Ничего подобного. Их успех в городской жизни был поистине поразительным. В стране нет другого места, где приезжие преуспевали бы так блестяще, если преуспевали. Этому блеску успеха в городской жизни южанин в поразительной степени обязан природе своих недостатков. Если он одерживает верх, побеждает, то не вопреки своему провинциализму, а благодаря ему, не вопреки страху, а благодаря ему и мучительному, терзающему сознанию собственной неполноценности, побуждающим его к сверхчеловеческим усилиям.

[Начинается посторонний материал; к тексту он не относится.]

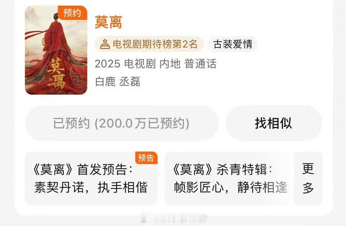 莫离预约量破200万白鹿丞磊莫离预约量破200万白鹿丞磊莫离预约量破200万

Южанин зачастую вдохновлен не жалеть усилий, когда находится в неблагоприятных условиях, когда знает это, когда узнает, что мир тоже это знает и на это рассчитывает. Истина эта не раз подтверждалась во время Гражданской войны, когда самые блестящие победы Юга – можно сказать, и самые блестящие поражения – были одержаны при подобных обстоятельствах. Южанину при всех присущих ему чувствительности, уязвимости, пылкости, живости, возбудимости и богатом воображении должен быть ведом страх, и ведом основательно. Однако именно благодаря чувствительности, живости, воображению ему ведом страх перед страхом. И эта вторая разновидность страха зачастую оказывается настолько сильнее первой, что южанин скорее умрет, чем выкажет это. Он будет сражаться не просто как солдат, а как сумасшедший, и зачастую добьется почти невероятной победы против ошеломляюще превосходящих сил, даже когда почти никто на свете не поверил бы, что победа возможна.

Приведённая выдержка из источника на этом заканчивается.